In recent years, the demand for high-purity intermediates like 4-Chloro-[3,4]bipyridinyl-2-ylamine has surged, driven by advancements in catalysis and medicinal chemistry. Its role in facilitating cross-coupling reactions—such as Suzuki-Miyaura or Buchwald-Hartwig reactions—makes it invaluable for constructing complex molecular architectures. This aligns with the growing trend of green chemistry, where efficient synthetic routes minimize waste and energy consumption. Laboratories and industries increasingly prioritize such compounds to meet sustainability goals while maintaining high yields.

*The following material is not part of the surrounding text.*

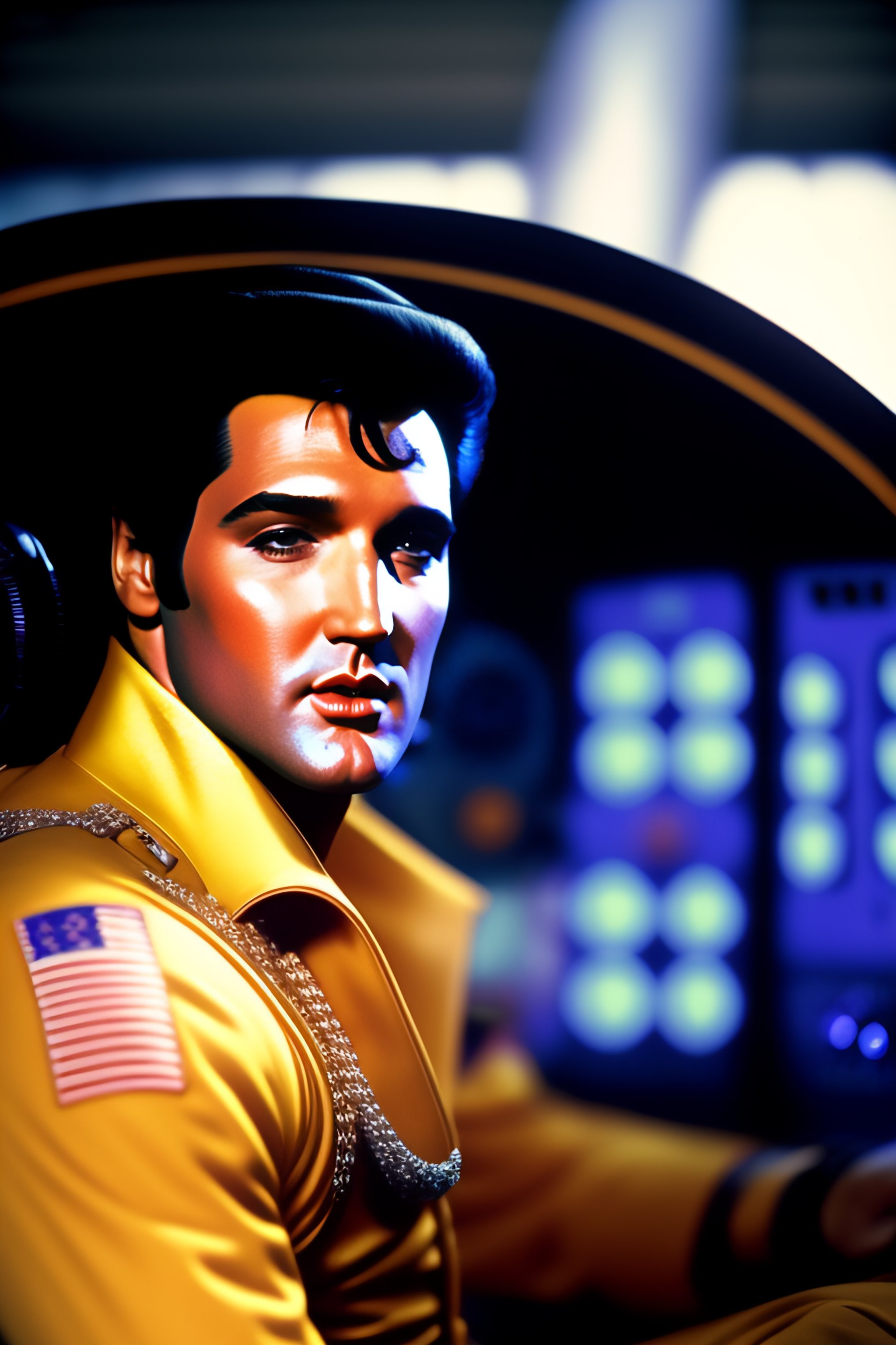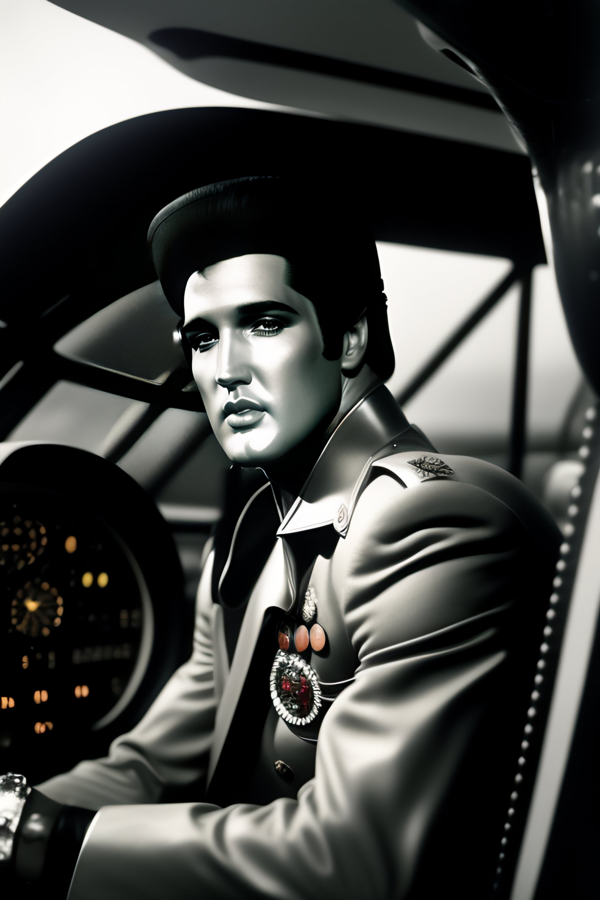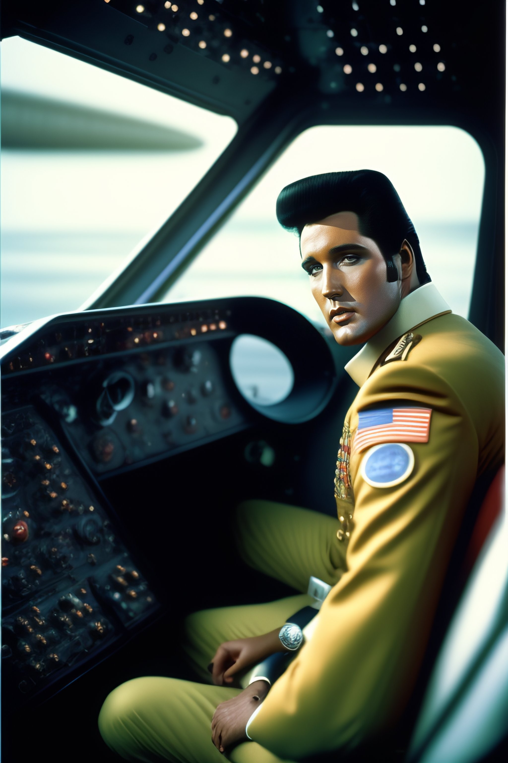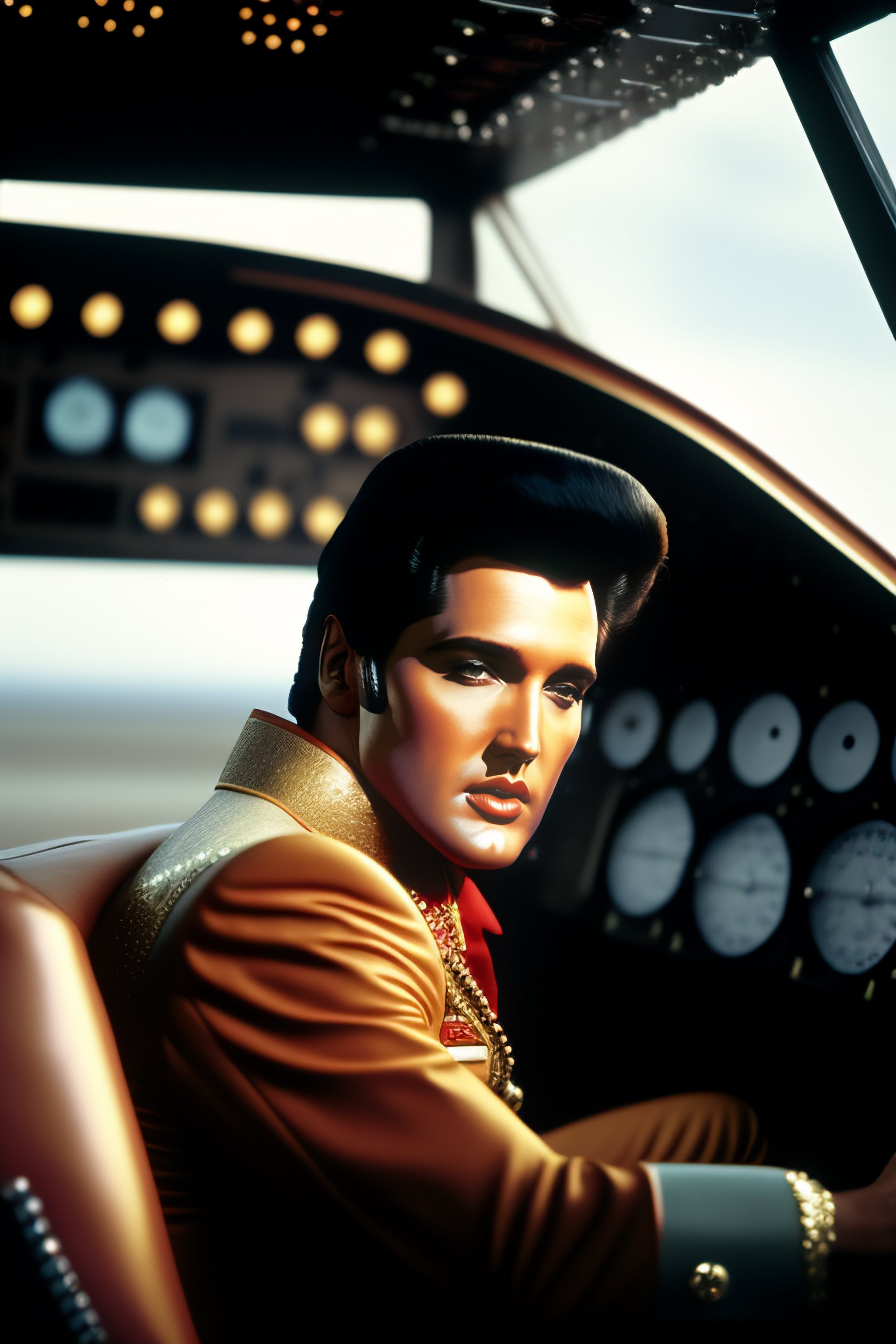 Elvis sitting in pilot seat of an airplane and cockpit control panel in view

From a biological activity perspective, 4-Chloro-[3,4]bipyridinyl-2-ylamine has shown promise in preliminary studies targeting enzyme inhibition and receptor modulation. Its structural similarity to known pharmacophores has led to investigations into its potential applications in central nervous system (CNS) disorders and anti-inflammatory therapies. These studies often leverage computational tools like molecular docking to predict interactions, reflecting the integration of AI-driven drug design in modern research.
The compound’s physicochemical properties, including solubility, stability, and partition coefficient (logP), are critical for formulation scientists. For instance, its moderate lipophilicity suggests suitability for blood-brain barrier penetration, a key factor in CNS drug development. Such data is frequently sought by researchers optimizing drug delivery systems, especially for neurodegenerative diseases—a hot topic in 2024 due to rising global prevalence.

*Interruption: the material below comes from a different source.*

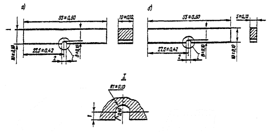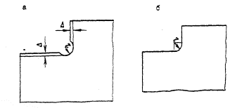 Рис. 11. Вырезы в углах деталейа - образованные сверлением и штамповкой, а также сверлением и машинной кислородной или плазменно-дуговой резкой; д = 2...4 мм; б - образованные штамповкой, а также машинной кислородной или плазменно-дуговой резкой Образование отверстий5.31. Отверстия в мостовых конструкциях с болтовыми и фрикционными соединениями образуют сверлением. Допускается расточка и термическая резка отверстий иного назначения диаметром 50 мм и более с обеспечением точности и чистоты поверхности в соответствии с табл. 3 и 5. 5.32. Детали под сверление и расточку должны устанавливаться перпендикулярно оси шпинделя. Не допускается прогиб деталей во время сверления. Сверлить отверстия следует с минимальным удалением оси шпинделя от оси колонны станка и с минимальным расстоянием от режущей части сверла до сверлильной головки. 5.33. Номинальные диаметры отверстий под высокопрочные болты фрикционных соединений и под болты нормальной точности должны быть указаны в чертежах КМ и КМД в соответствии с табл. 5, если нет особых указаний проектной организации, разработавшей чертежи КМ. 5.34. Просверленные или рассверленные отверстая должны иметь цилиндрическую форму. Шероховатость поверхности должна соответствовать 3-му классу ГОСТ 2789-73 (Rz= 40...80). Отклонения по диаметру, овальности, глубине зенкования и косине отверстий не должны превышать допусков, приведенных в табл. 5. Таблица 5. Требования к отверстиям болтовых и фракционных соединений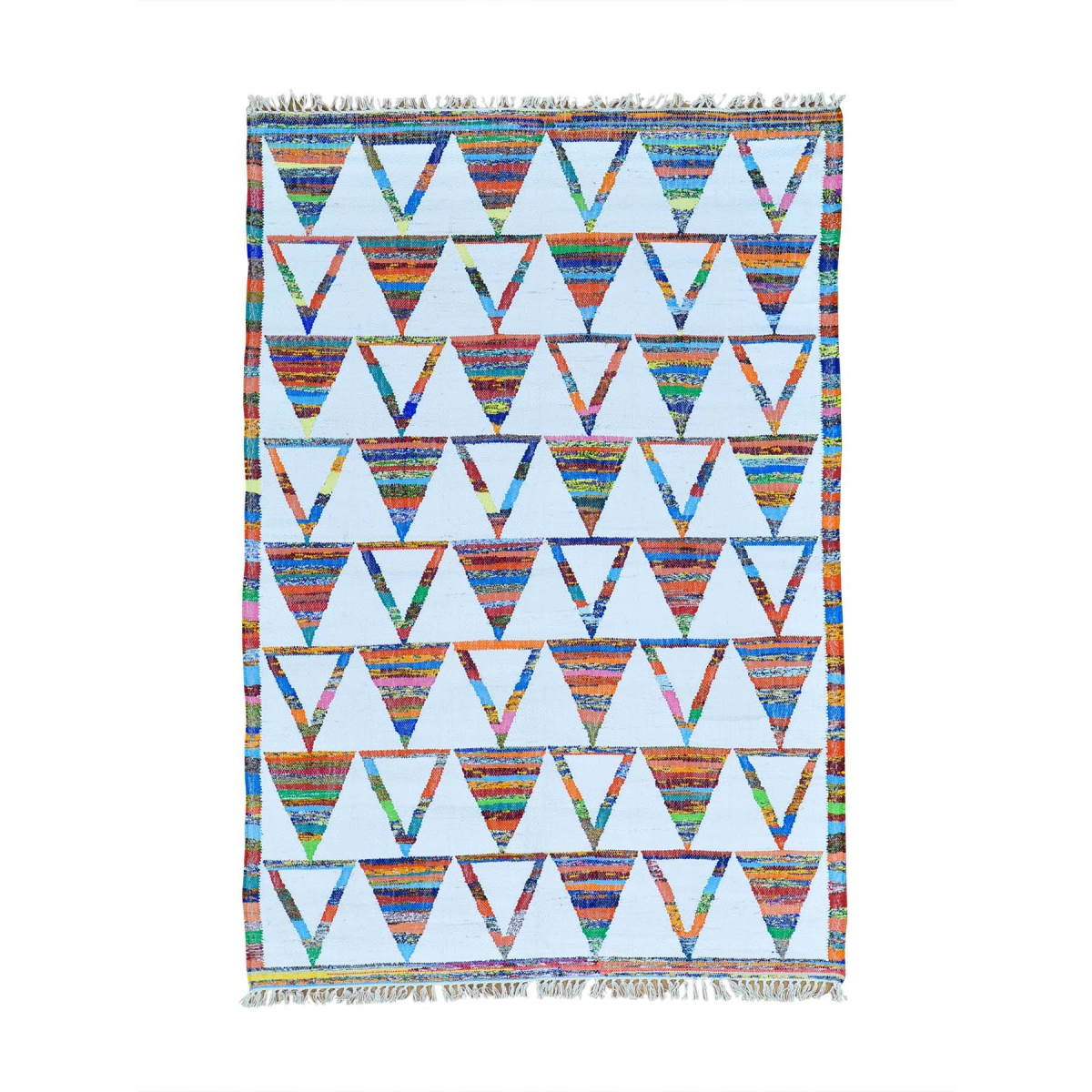 1800 Get A Rug sh29358 5 ft. x 7 ft. 2 in. Flat Weave Kilim Wool and Sari Silk Hand Woven Oriental Rug Ivory

Beyond pharmaceuticals, 4-Chloro-[3,4]bipyridinyl-2-ylamine is explored in material science for designing organic semiconductors and ligands for metal-organic frameworks (MOFs). Its conjugated system and electron-rich nitrogen atoms make it a candidate for optoelectronic devices, aligning with the push for renewable energy technologies. This versatility addresses common search queries like “bipyridine applications in solar cells” or “nitrogen heterocycles in MOFs.”
Quality control and analytical methods for CAS No. 1381938-46-0 are another focal point. Techniques like HPLC, LC-MS, and NMR spectroscopy ensure batch consistency, a priority for regulatory compliance. Discussions on patent landscapes and synthetic routes further highlight its commercial relevance, often appearing in forums on process chemistry optimization.

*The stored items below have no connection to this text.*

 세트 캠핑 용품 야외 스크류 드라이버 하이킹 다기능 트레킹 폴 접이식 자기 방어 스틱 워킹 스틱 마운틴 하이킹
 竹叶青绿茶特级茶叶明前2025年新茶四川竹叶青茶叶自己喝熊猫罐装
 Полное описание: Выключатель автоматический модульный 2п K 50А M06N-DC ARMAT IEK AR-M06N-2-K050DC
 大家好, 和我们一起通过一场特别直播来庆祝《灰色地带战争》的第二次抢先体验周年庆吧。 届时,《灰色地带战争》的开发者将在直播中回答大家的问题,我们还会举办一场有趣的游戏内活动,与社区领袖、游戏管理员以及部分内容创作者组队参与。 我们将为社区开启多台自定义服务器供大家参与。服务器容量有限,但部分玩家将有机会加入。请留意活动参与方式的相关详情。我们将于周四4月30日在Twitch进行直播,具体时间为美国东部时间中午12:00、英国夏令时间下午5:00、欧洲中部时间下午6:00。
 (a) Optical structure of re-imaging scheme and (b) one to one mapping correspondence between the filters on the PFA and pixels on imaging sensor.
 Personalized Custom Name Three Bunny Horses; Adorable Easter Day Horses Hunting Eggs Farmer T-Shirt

In summary, 4-Chloro-[3,4]bipyridinyl-2-ylamine exemplifies the intersection of cutting-edge research and industrial utility. Its multifaceted applications—from drug discovery to advanced materials—underscore why it remains a highly searched compound in scientific databases. As interdisciplinary collaborations expand, its role in addressing global challenges like healthcare innovation and sustainable technology will likely grow.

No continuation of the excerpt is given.